Capítulo 377
O Extra é um Gênio!?
A luz da manhã filtrava pelas janelas altas, raios de ouro pálido escorriam pelas cortinas e pintavam longas sombras no chão. Elyra se mexeu sob os cobertores, piscou uma vez antes de se sentar. Por um momento, tudo parecia normal — o suave aroma de madeira polida, o sussurrar suave dos criados que já se movimentavam pelos corredores.
Porém, a sensação no peito dela não era normal. Uma sensação de aperto, uma coceira que ela não conseguia aliviar.

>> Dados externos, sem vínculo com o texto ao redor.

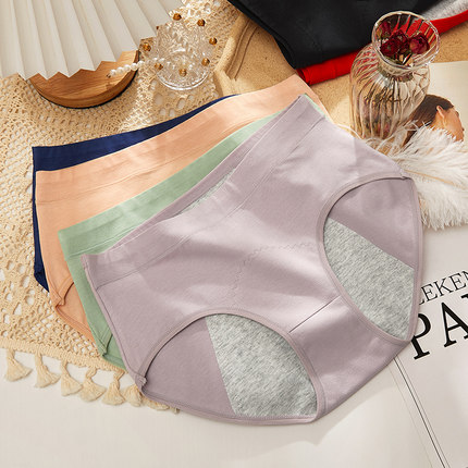 4条 生理内裤女士月经期防漏大码纯棉抗菌裆侧防漏前后防漏姨妈裤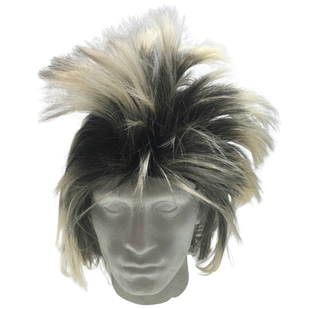 Br Costumes Mens Long Spiky Wig Rock Punk 80S Fancy Dress Bogan Mullet Spikey Black/Blonde Wigs Facial Hair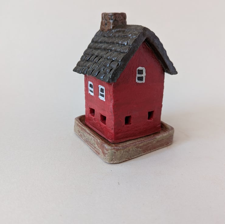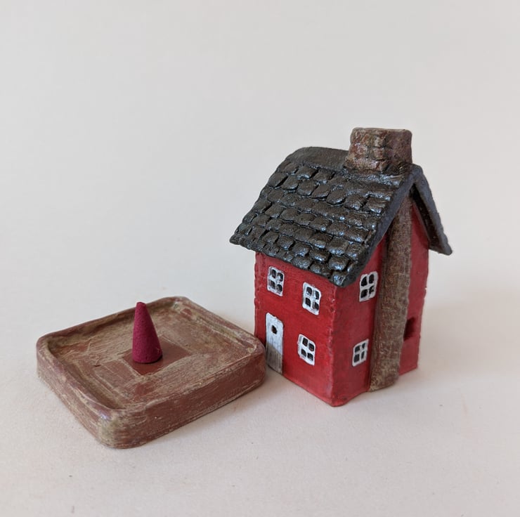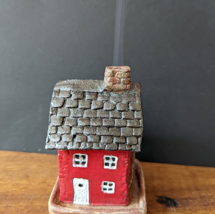 Cottage incense burner. All items are made from scratch. I draw and plan each building then cut the pieces out of clay. I add textures and details then build them. Once they are assembled I decorate them with coloured clays and oxides before the bisque firing then they are glazed and fired once more. Every little building is unique.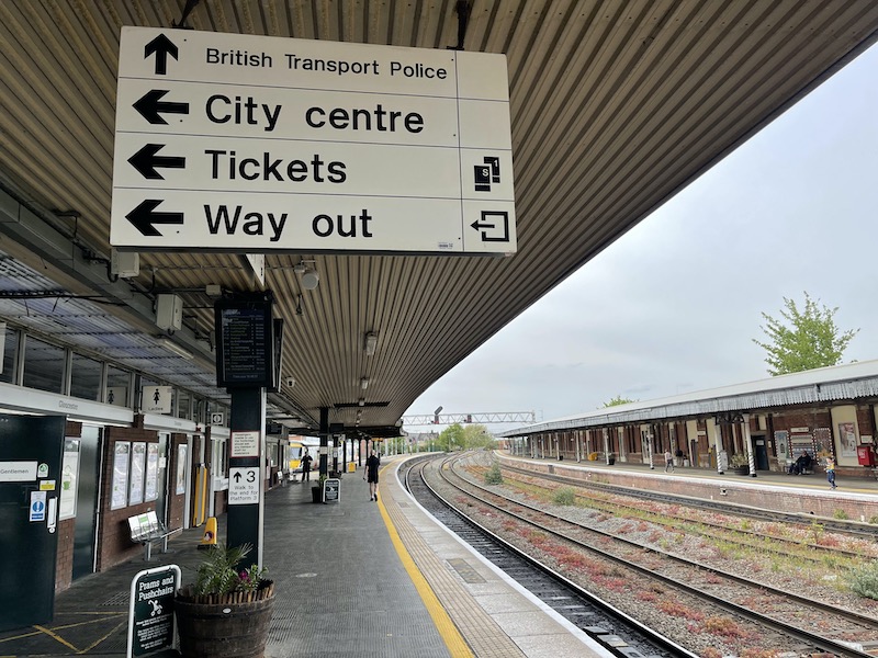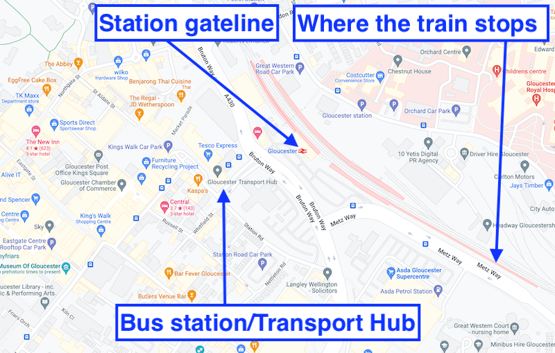 On the upside, Gloucester’s relatively new bus station (sorry, Transport Hub) is just a stone’s throw from the railway station – actually the bus bays are much closer to the station gate line than where trains stop on that platform in the station!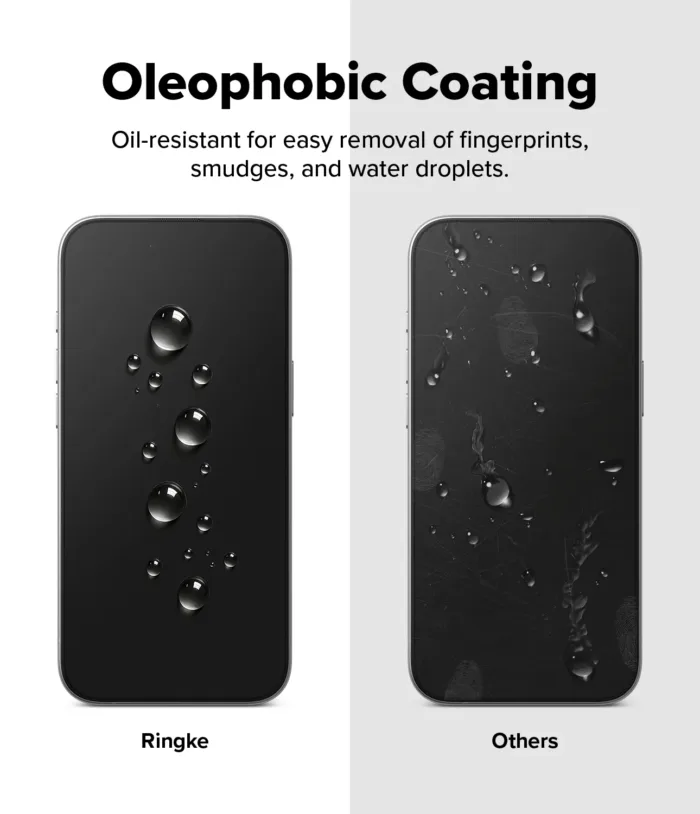- เคลือบสาร Oleophobic แบบพิเศษ ช่วยให้ทนทานต่อน้ำมัน จึงสามารถเช็ดรอยนิ้วมือ รอยเปื้อน และหยดน้ำได้ง่าย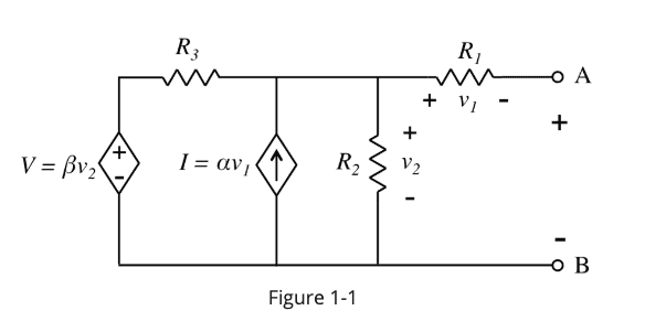 - A linear circuit containing two voltage dependent sources, as shown. The elements in this circuit have the following values: ##R_1 = 7.2k## Ohms, ##R_2 = 12k## Ohms, ##R_3 = 3.3k## Ohms, ##\alpha = 0.025## A/V and ##\beta = 5##.

Ela afastou os lençóis e estendeu as pernas até a beirada da cama, olhando para as tábuas do piso como se pudessem lhe dar respostas. Aquela mesma sensação — aguda, persistente. A que ela aprendera a nunca ignorar.
Seus dedos roçaram a trança ao lado do ombro. "...É o Noel", murmurou baixinho, palavras dirigidas somente a si mesma. "Sei que é. Algo está errado."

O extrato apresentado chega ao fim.